YOUR ASSIGNMENT
Your answer must be only the lines below from the one containing "⑤最初に竜宮バルコニーに向か" through the one containing "(总)七仙女家纺 2025新", copied exactly, with the pictures left out.

=== Begin Enclosure ===

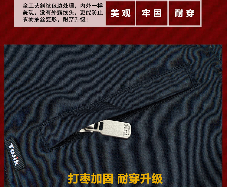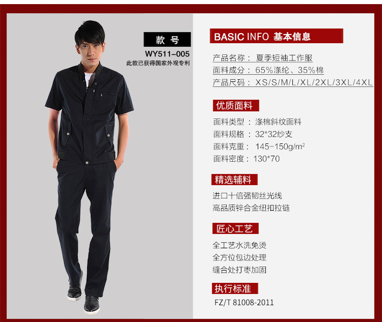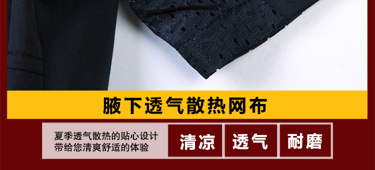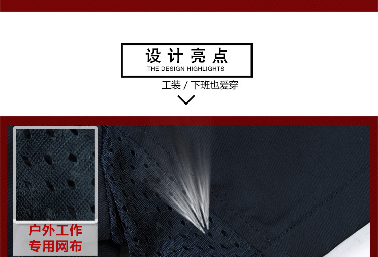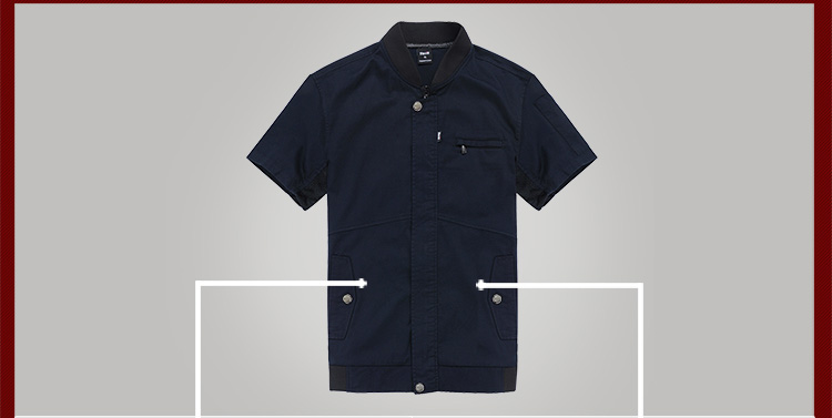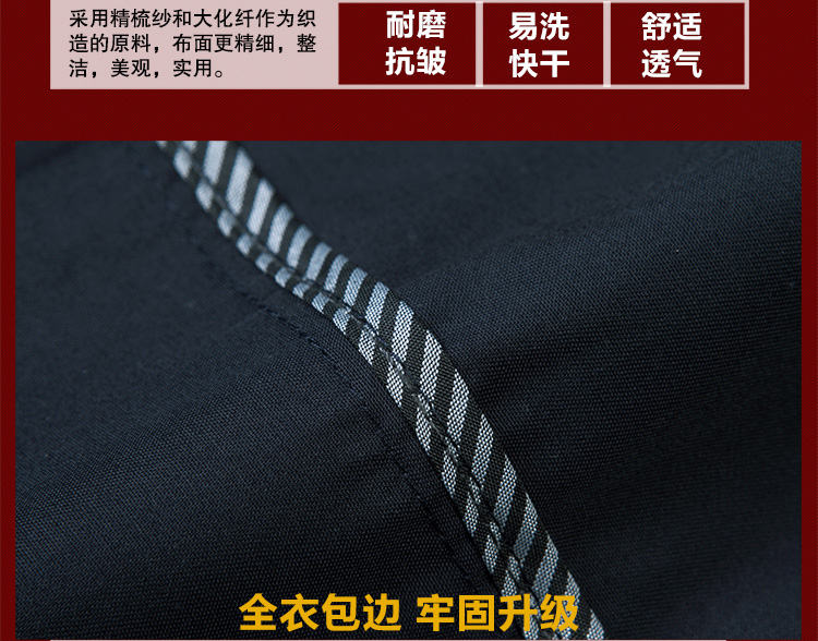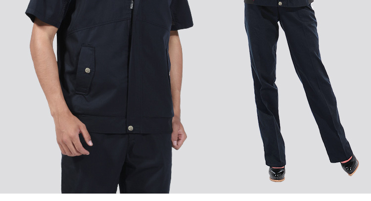 重庆涤棉细斜纹深蓝枣红插色短袖反光条工作服
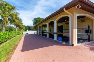 This Gorgeous center-aisle facility is just hacking distance to show grounds & awaits you with direct access to the Bridle path. There are miles of paths to explore and so pretty! Complete with 10 12x12 stalls and thoughtful touches, this newly built farm feels so elevated. The 100'x230' GGT arena is ready for your show season with full irrigation & beautiful dressage mirror or can be an awesome jumping facility. The 2.44 acres hosts luscious paddocks, each stall is outfitted with fans, central fly spray, cameras. Designed for the discerning equestrian, the beautiful tack rm, feed rm, laundry rm, & fully furnished apartment lend to a high end experience. Such a pretty gazebo and the onlooking patio are wonderful to host guests. This facility has a separate barn entrance and fully fenced!
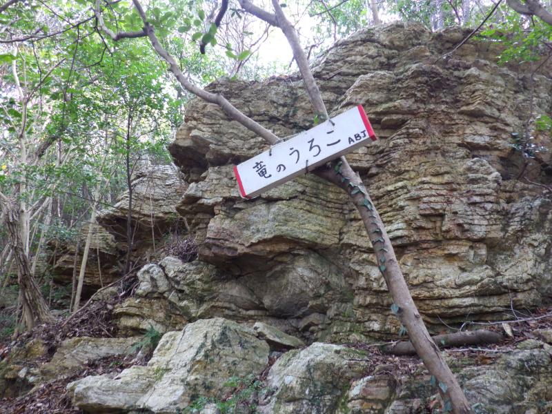 ⑤最初に竜宮バルコニーに向かいますが、林道が交差し、その上に登り口看板があります
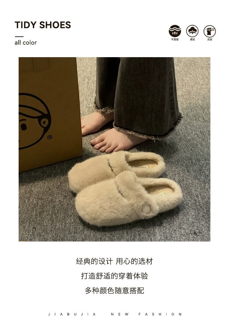 Jia Bujia Baotou スリッパ女性 2023 冬スタイルの外出、優しく快適な平底の毛皮のようなスリッパ ミュール 靴 シューズ ウィンター 冬物 jxjxf82699686790
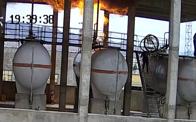 冯某及时打开喷淋系统,对102储罐进行灭火降温。同时,冯某请求在气站门口围观的相邻汽车修理厂员工报警。
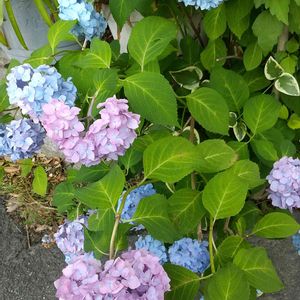 今日の花、アジサイの花です。 家の庭に、ピンク、ブルーのアジサイの花が綺麗にたくさん咲いています。 アジサイ アジサイ科 🐌もうすぐ梅雨ですね。
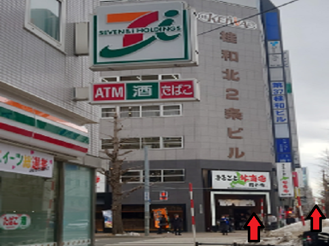 ⑥ 牛角の手前がクロスホテル札幌です。 |
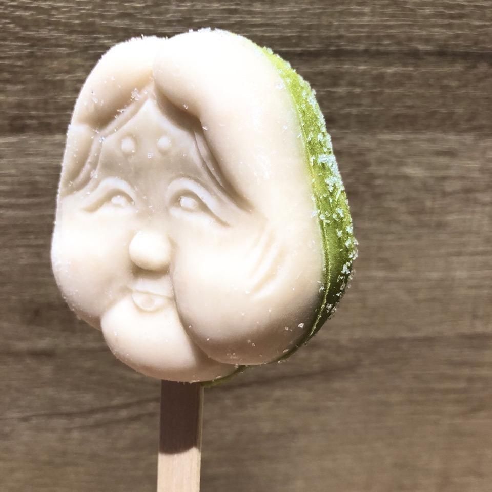 お多福さんの顔側が白小豆、裏が抹茶になっています。
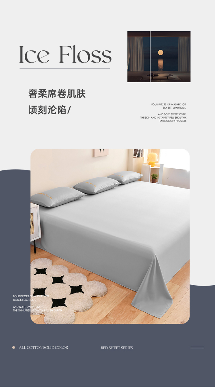 (总)七仙女家纺 2025新款全棉磨毛床单,高奢紫,活力灰,时光灰,时光米,香氛咖
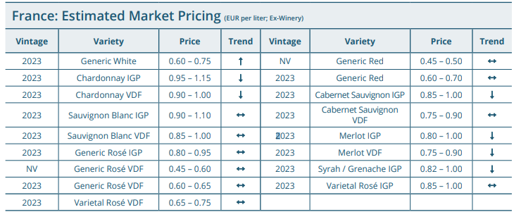 過去兩年,由于收成減少,一些市場上的部分白葡萄酒出現了供需平衡。例如,智利、法國南部、西班牙和南非的供應目前非常有限。紅葡萄酒占全球葡萄酒庫存的大部分,而種植紅葡萄品種的葡萄樹更可能被拔除。2023年歐洲的葡萄收成較低,2024年智利和南非的收成也較低,這將收緊普通白葡萄酒和單一品種白葡萄酒的供應,而這些白葡萄酒的供需平衡已經好于紅葡萄酒。受對白葡萄酒需求的推動,西班牙1-5月的葡萄酒出口總額增長了3.6%,智利1-6月的葡萄酒出口總額增長了14.1%。意大利白葡萄酒在出口方面繼續表現良好:2023年,IGT灰比諾已售罄;2024年1-7月,普羅賽克的裝瓶量增長了5.7%。由于擔心成本上升、消費者的消費習慣發生變化,以及零售商和分銷商似乎仍在去庫存,世界各地的買家一直在繼續保守地削減入貨量。但對于那些能夠確定潛在銷售增長領域的買家來說,散裝酒代表著一個極具吸引力的、物美價廉的機會。目前,加州、法國和阿根廷更像是買家的沃土,價格較低的包括加州中央山谷葡萄酒,但也有來自加州沿海地區的知名葡萄酒,非常適合中檔出口項目。Ciatti8月份發布的報告稱,在法國,由于市場放緩,2023年份和無年份葡萄酒的剩余庫存質量水平較高,價格也有所下降,這在未來1-2個月構成了一個真正的機會,而2024年份葡萄酒的價格可能會開始上漲。來自著名勃艮第產區的瓶裝紅葡萄酒和白葡萄酒的價格明顯低于以往,阿根廷庫存有大量較12個月前更低的標準、優質和高端的馬爾貝克葡萄酒。
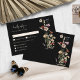 Carte RSVP Boho Fleur sauvage noir. Assurez-vous que vos invités répondent avec style avec notre Moody Black Elegant Floral Boho RSVP Card. Avec son style élégant, cette carte incarne le charme rustique et l'élégance romantique de votre thème mariage. Le design est agrémenté d'un délicat mélange d'herbes séchées, de feuilles et de fleurs sauvages vintages dans des tons terreux de bronze, brun, rouille, terre cuite et orange brûlé. Conçue avec soin avec des options de choix de repas, cette carte RSVP allie beauté bohème et fonctionnalité pratique, ce qui permet à vos invités de confirmer facilement leur présence et leurs préférences de repas pour votre journée spéciale.
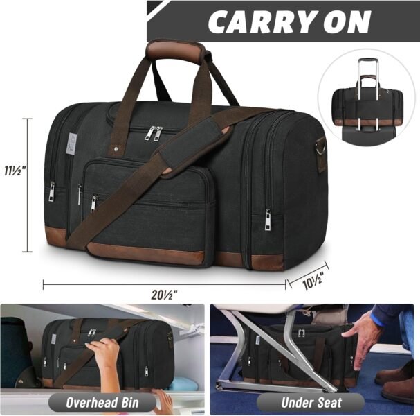 Duffle Bag for Travel,Overnight Weekend Gym Carry On Luggage Bag, 50L Canvas Travel Duffel Bag for Men Women, Expandable Spacious Travel Duffel Bag, Black
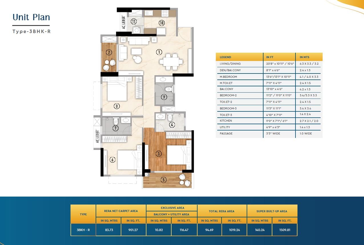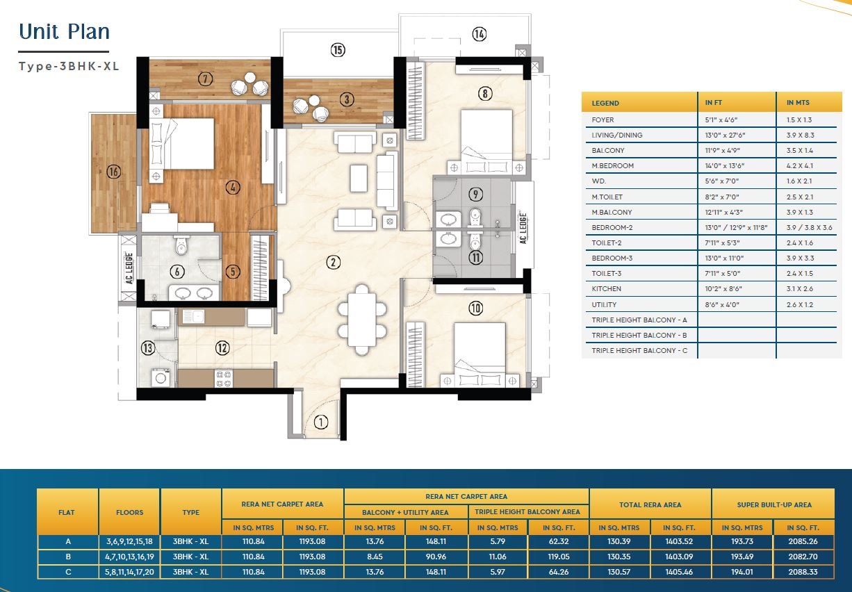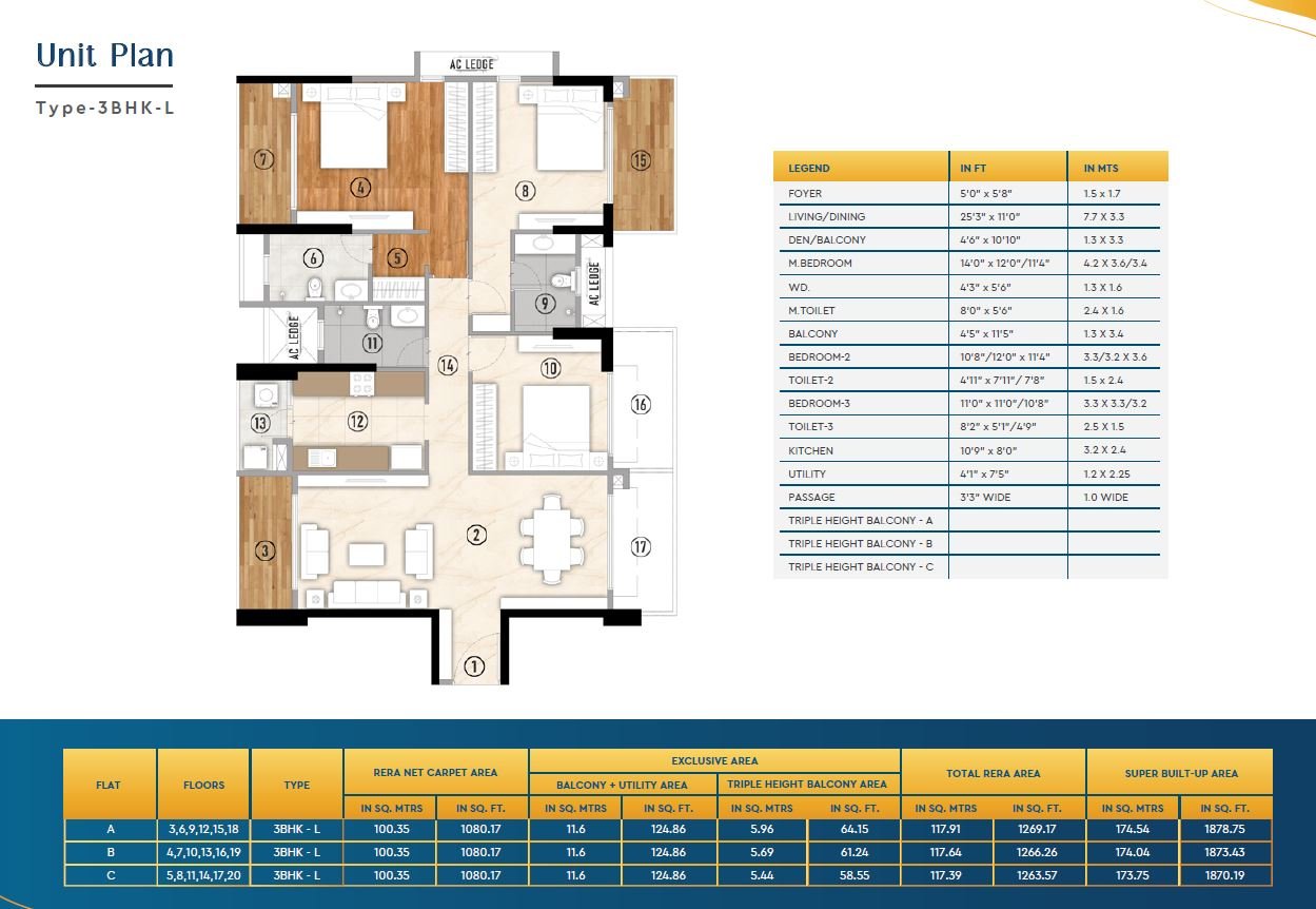 | 3 BHK + 3T | 2088 | 3.20 Cr | 10% |
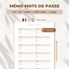 Mémo Mots de Passe, A4-A5- Letter & Half Letter
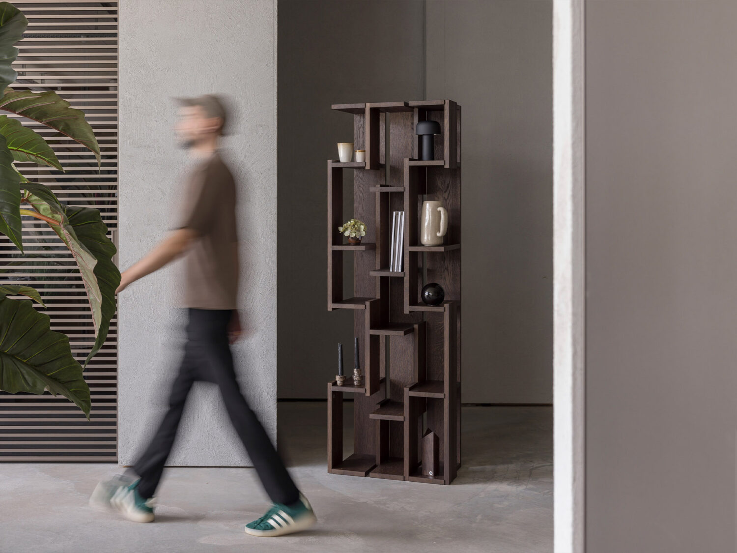 Staccato – ist ein skulpturales Regal von geradezu architektonischem Format. Archaisch und raffiniert zugleich ist die Bearbeitung des Holzes. Die Aussenseiten sind in einem gebürsteten Finish lackiert. Staccato lebt stark von den Rhythmen der verschieden grossen Etagen und Abtrennungen. Das einzigartige Regal eignet sich auch für grossformatige Bildbände und ist in diversen Kombinationen erhältlich. Staccato ist zudem der ideale Raumteiler, nach dem immer wieder gesucht wird. Die 2er und 3er Elemente erlauben eine konsequente Aufreihung/Erweiterung, die sich individuell an Raum und Bedürfnisse anpassen lässt.
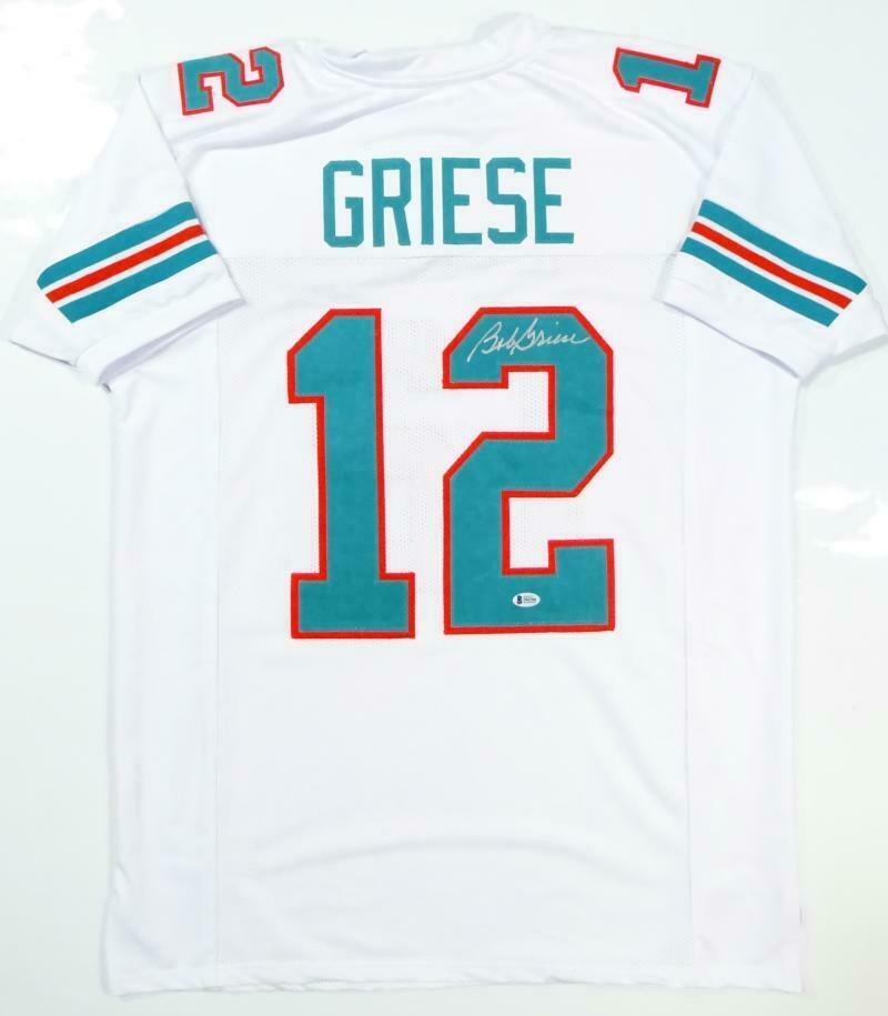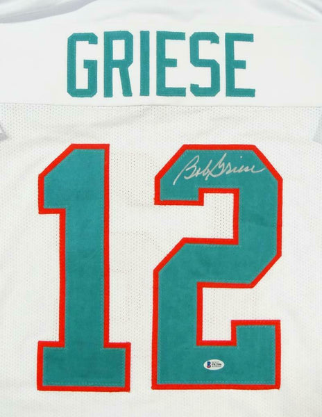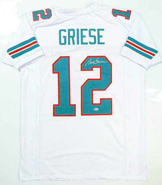 Bob Griese Autographed White Pro Style Jersey- Beckett Auth *2 THIS IS NOT AN NFL JERSEY. THIS HAS NO TAGS, NO LOGOS, NO EMBLEMS. This is a hand autograph of Bob Griese on a custom made (Non Name Brand) authentic style jersey with stitched letters and numbers. This item has a Beckett Authentication, which comes with a numbered Beckett and a matching Certificate of Authenticity. You can view this item on the Beckett Authentication website. It was signed either at a public autograph appearance or a private signing. This is a stock photo of the item. Although you may not receive this exact item, the item you receive is virtually identical and brand new in great shape. Jersey size is XL.

=== End Enclosure ===

WRITTEN RESPONSE
 ⑤最初に竜宮バルコニーに向かいますが、林道が交差し、その上に登り口看板があります
 Jia Bujia Baotou スリッパ女性 2023 冬スタイルの外出、優しく快適な平底の毛皮のようなスリッパ ミュール 靴 シューズ ウィンター 冬物 jxjxf82699686790
 冯某及时打开喷淋系统,对102储罐进行灭火降温。同时,冯某请求在气站门口围观的相邻汽车修理厂员工报警。
 今日の花、アジサイの花です。 家の庭に、ピンク、ブルーのアジサイの花が綺麗にたくさん咲いています。 アジサイ アジサイ科 🐌もうすぐ梅雨ですね。
 ⑥ 牛角の手前がクロスホテル札幌です。 |
 お多福さんの顔側が白小豆、裏が抹茶になっています。
 (总)七仙女家纺 2025新款全棉磨毛床单,高奢紫,活力灰,时光灰,时光米,香氛咖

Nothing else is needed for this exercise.